* _WHAT NEEDS TO BE DONE_:
The following entries should be restated word for word, pictures excluded.

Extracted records

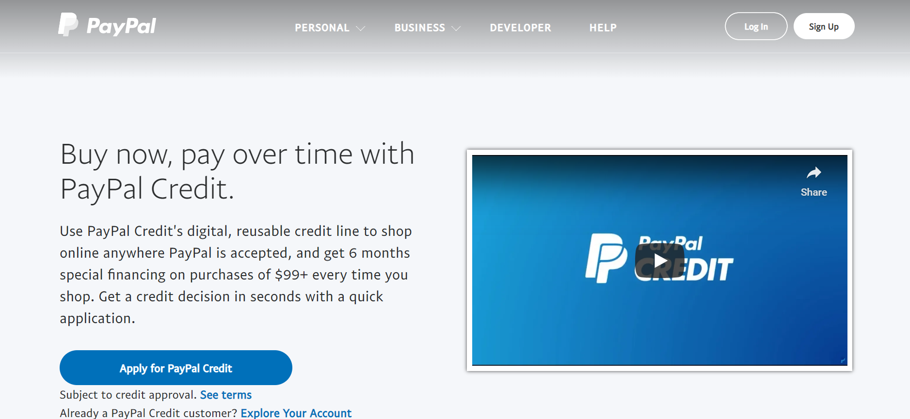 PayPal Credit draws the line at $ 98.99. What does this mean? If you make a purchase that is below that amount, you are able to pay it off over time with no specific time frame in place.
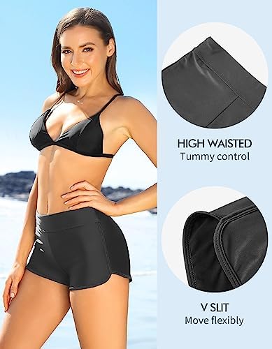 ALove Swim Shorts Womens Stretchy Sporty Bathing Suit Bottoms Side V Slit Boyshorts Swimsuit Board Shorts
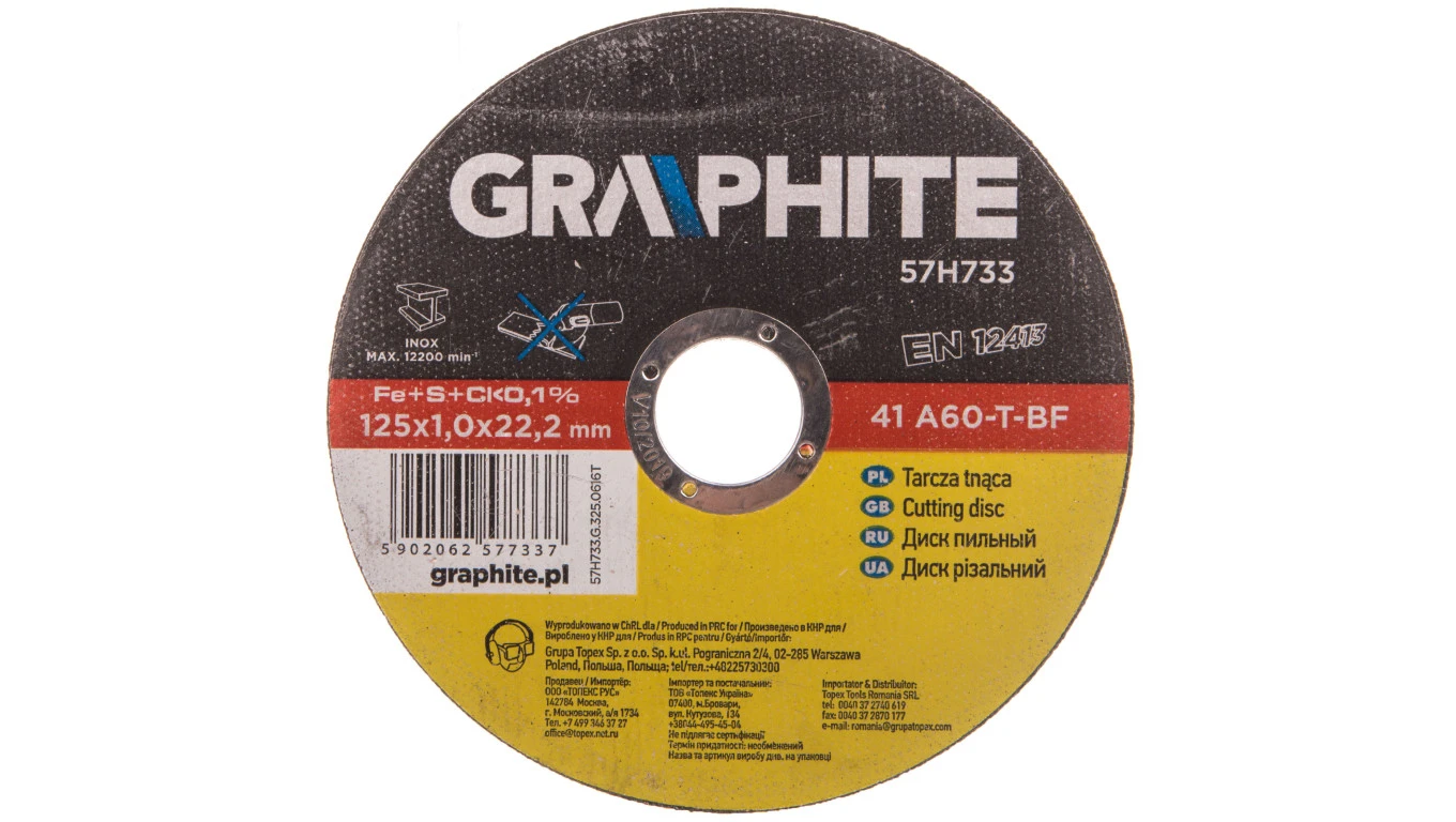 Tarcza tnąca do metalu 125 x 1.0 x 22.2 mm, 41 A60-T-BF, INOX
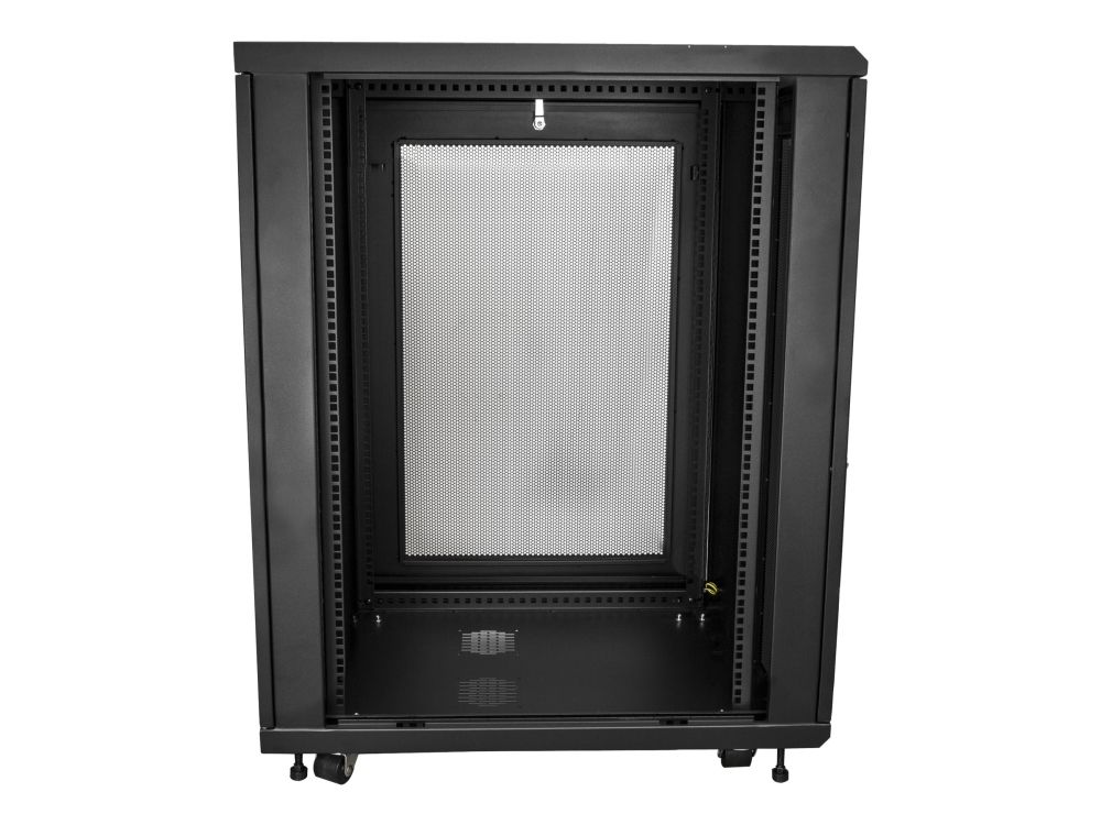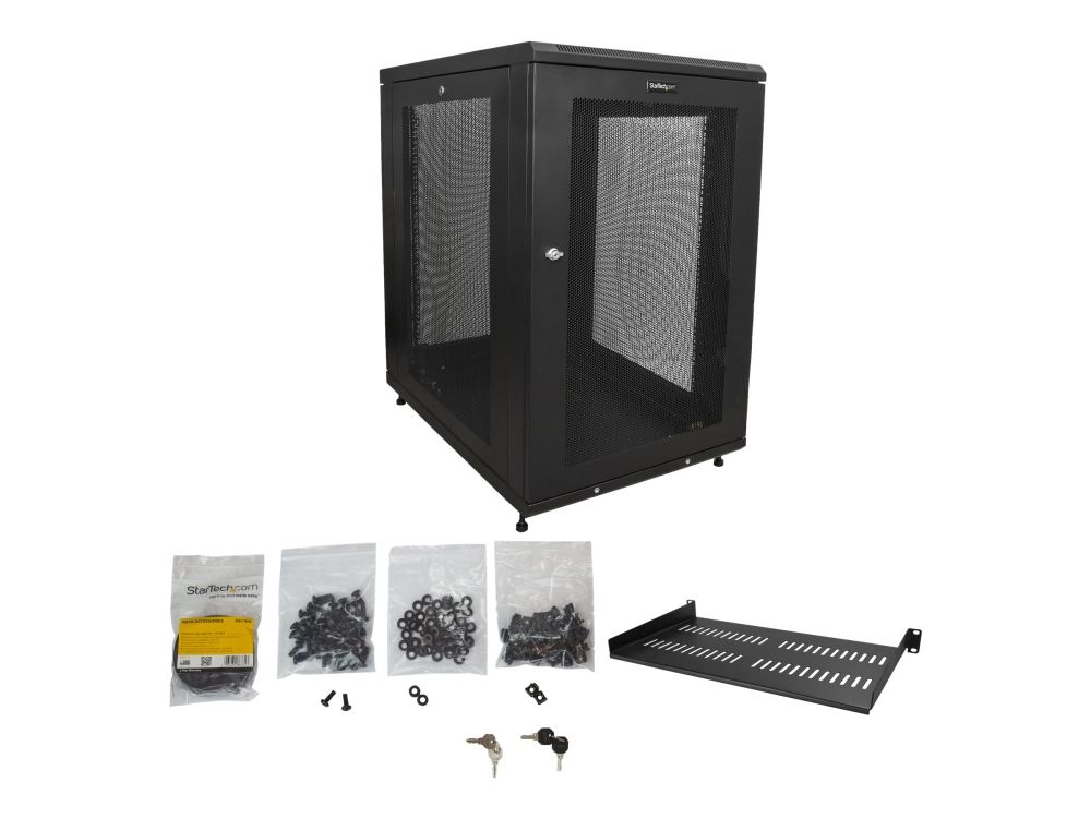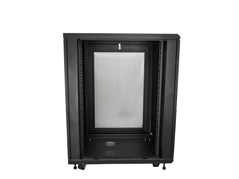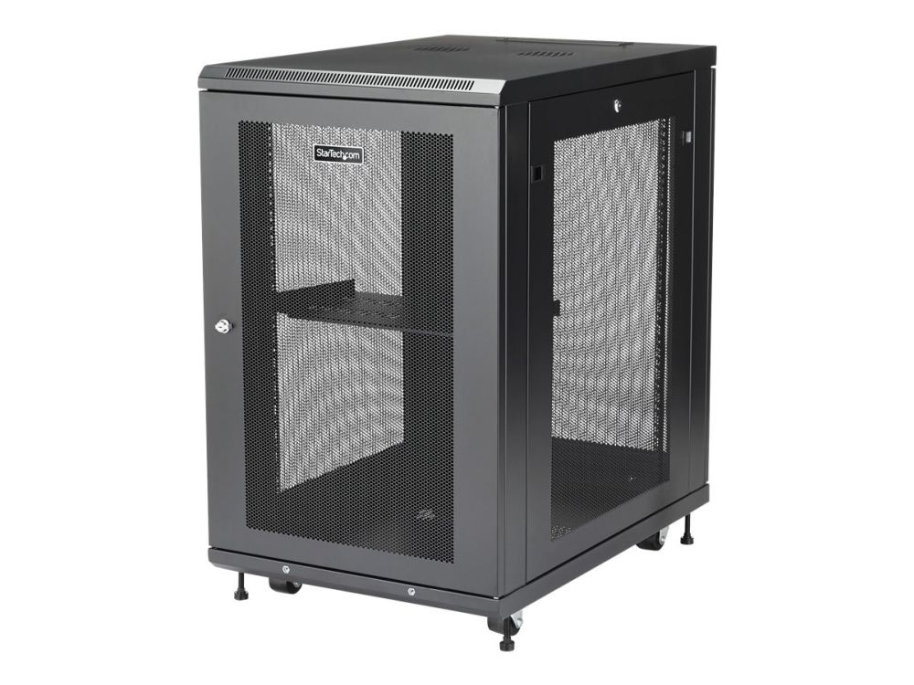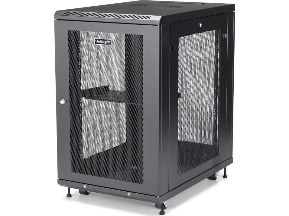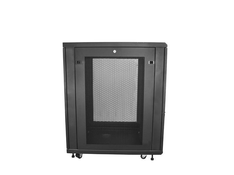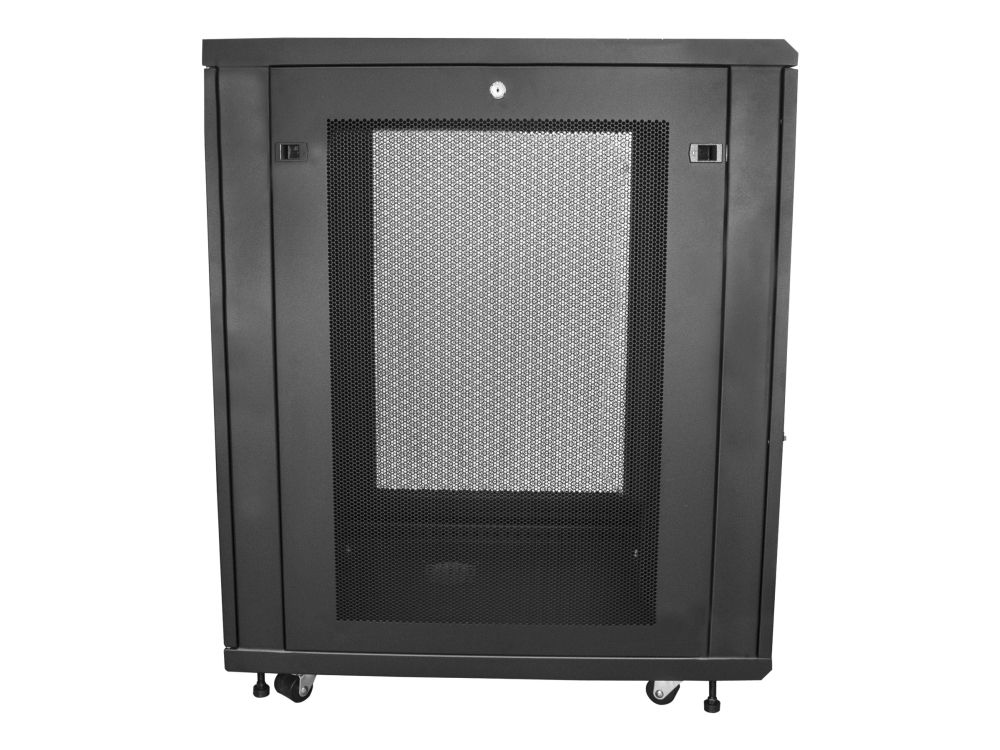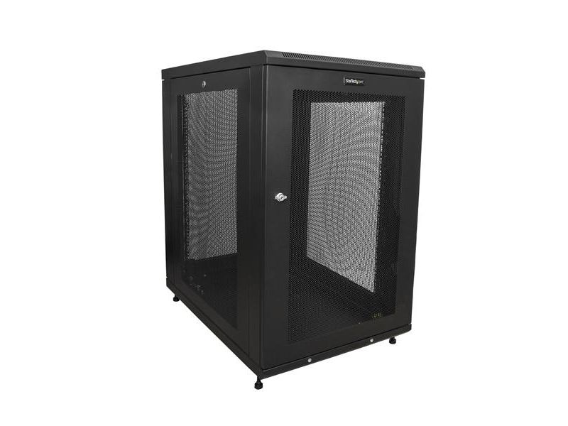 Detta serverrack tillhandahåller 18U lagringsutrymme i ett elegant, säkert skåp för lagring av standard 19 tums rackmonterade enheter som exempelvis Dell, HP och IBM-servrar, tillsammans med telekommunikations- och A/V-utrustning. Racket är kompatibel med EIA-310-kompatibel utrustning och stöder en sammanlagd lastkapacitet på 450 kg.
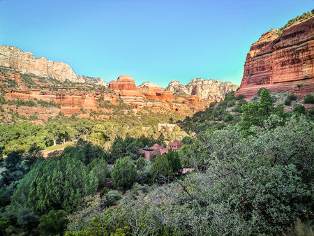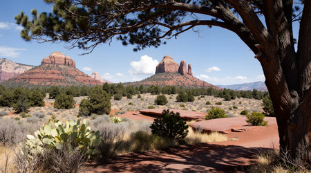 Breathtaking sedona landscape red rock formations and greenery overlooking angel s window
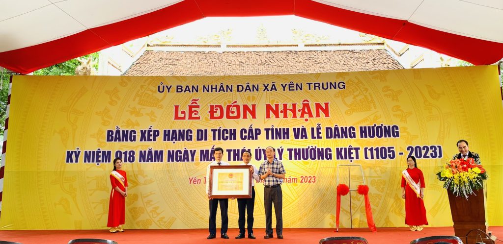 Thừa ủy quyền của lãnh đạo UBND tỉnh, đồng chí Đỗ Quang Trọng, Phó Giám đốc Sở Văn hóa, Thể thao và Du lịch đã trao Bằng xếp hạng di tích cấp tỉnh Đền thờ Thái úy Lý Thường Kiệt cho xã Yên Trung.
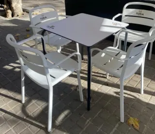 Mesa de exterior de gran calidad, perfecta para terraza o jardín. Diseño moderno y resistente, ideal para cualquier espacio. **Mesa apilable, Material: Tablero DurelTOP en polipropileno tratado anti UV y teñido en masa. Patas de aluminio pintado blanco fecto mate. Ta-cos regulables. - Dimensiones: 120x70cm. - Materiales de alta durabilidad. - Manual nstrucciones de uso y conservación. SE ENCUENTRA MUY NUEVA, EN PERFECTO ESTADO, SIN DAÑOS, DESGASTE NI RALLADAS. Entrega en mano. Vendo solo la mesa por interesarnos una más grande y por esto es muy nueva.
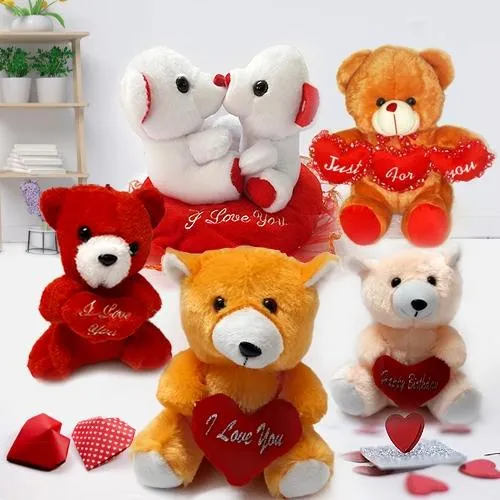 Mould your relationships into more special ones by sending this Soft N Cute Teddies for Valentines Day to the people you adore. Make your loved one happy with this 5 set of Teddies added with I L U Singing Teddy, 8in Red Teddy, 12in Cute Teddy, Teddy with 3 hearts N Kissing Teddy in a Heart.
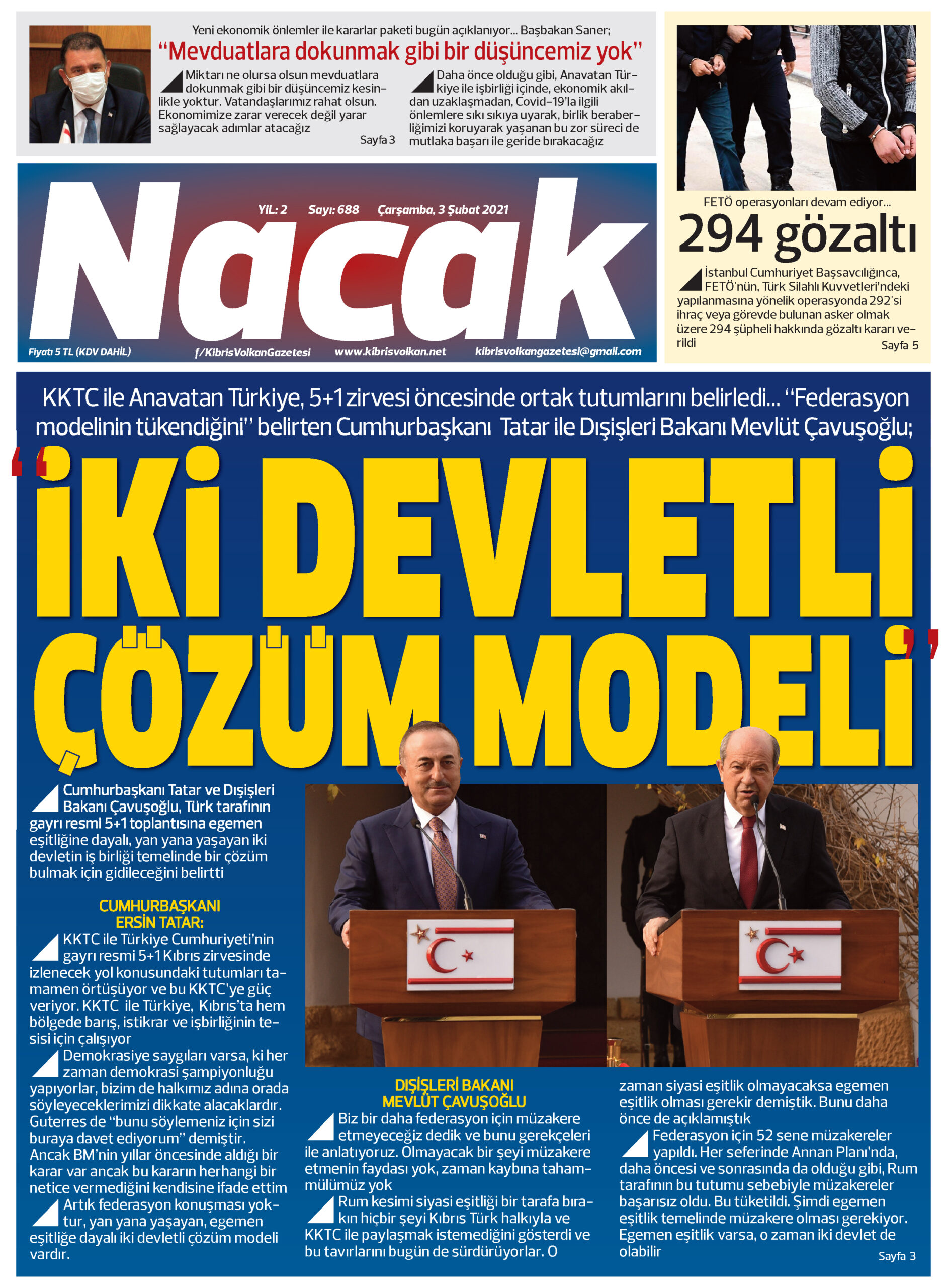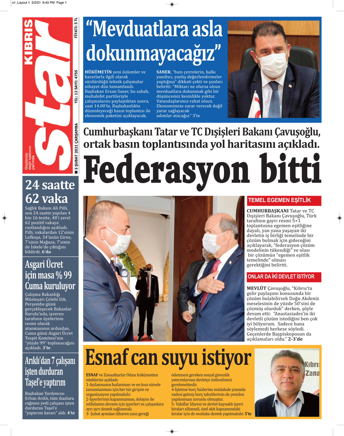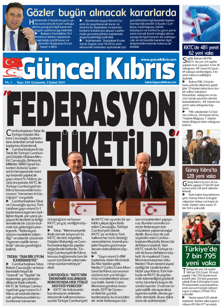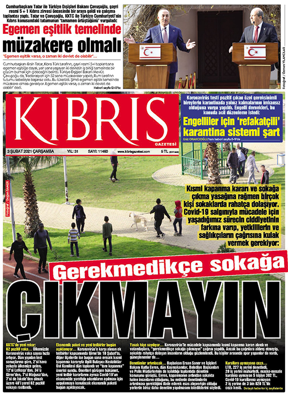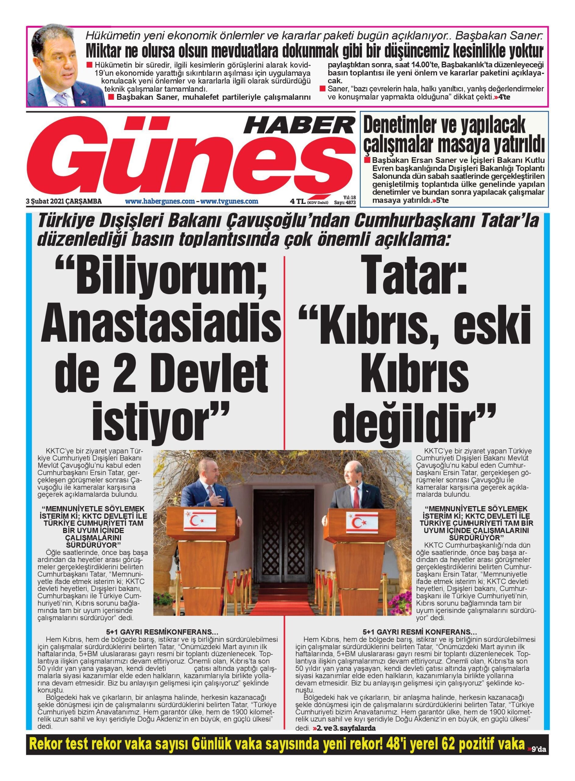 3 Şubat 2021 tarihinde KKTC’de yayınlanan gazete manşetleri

* _RESPONSE_:
 PayPal Credit draws the line at $ 98.99. What does this mean? If you make a purchase that is below that amount, you are able to pay it off over time with no specific time frame in place.
 ALove Swim Shorts Womens Stretchy Sporty Bathing Suit Bottoms Side V Slit Boyshorts Swimsuit Board Shorts
 Tarcza tnąca do metalu 125 x 1.0 x 22.2 mm, 41 A60-T-BF, INOX
 Detta serverrack tillhandahåller 18U lagringsutrymme i ett elegant, säkert skåp för lagring av standard 19 tums rackmonterade enheter som exempelvis Dell, HP och IBM-servrar, tillsammans med telekommunikations- och A/V-utrustning. Racket är kompatibel med EIA-310-kompatibel utrustning och stöder en sammanlagd lastkapacitet på 450 kg.
 Breathtaking sedona landscape red rock formations and greenery overlooking angel s window
 Thừa ủy quyền của lãnh đạo UBND tỉnh, đồng chí Đỗ Quang Trọng, Phó Giám đốc Sở Văn hóa, Thể thao và Du lịch đã trao Bằng xếp hạng di tích cấp tỉnh Đền thờ Thái úy Lý Thường Kiệt cho xã Yên Trung.
 Mesa de exterior de gran calidad, perfecta para terraza o jardín. Diseño moderno y resistente, ideal para cualquier espacio. **Mesa apilable, Material: Tablero DurelTOP en polipropileno tratado anti UV y teñido en masa. Patas de aluminio pintado blanco fecto mate. Ta-cos regulables. - Dimensiones: 120x70cm. - Materiales de alta durabilidad. - Manual nstrucciones de uso y conservación. SE ENCUENTRA MUY NUEVA, EN PERFECTO ESTADO, SIN DAÑOS, DESGASTE NI RALLADAS. Entrega en mano. Vendo solo la mesa por interesarnos una más grande y por esto es muy nueva.
 Mould your relationships into more special ones by sending this Soft N Cute Teddies for Valentines Day to the people you adore. Make your loved one happy with this 5 set of Teddies added with I L U Singing Teddy, 8in Red Teddy, 12in Cute Teddy, Teddy with 3 hearts N Kissing Teddy in a Heart.
 3 Şubat 2021 tarihinde KKTC’de yayınlanan gazete manşetleri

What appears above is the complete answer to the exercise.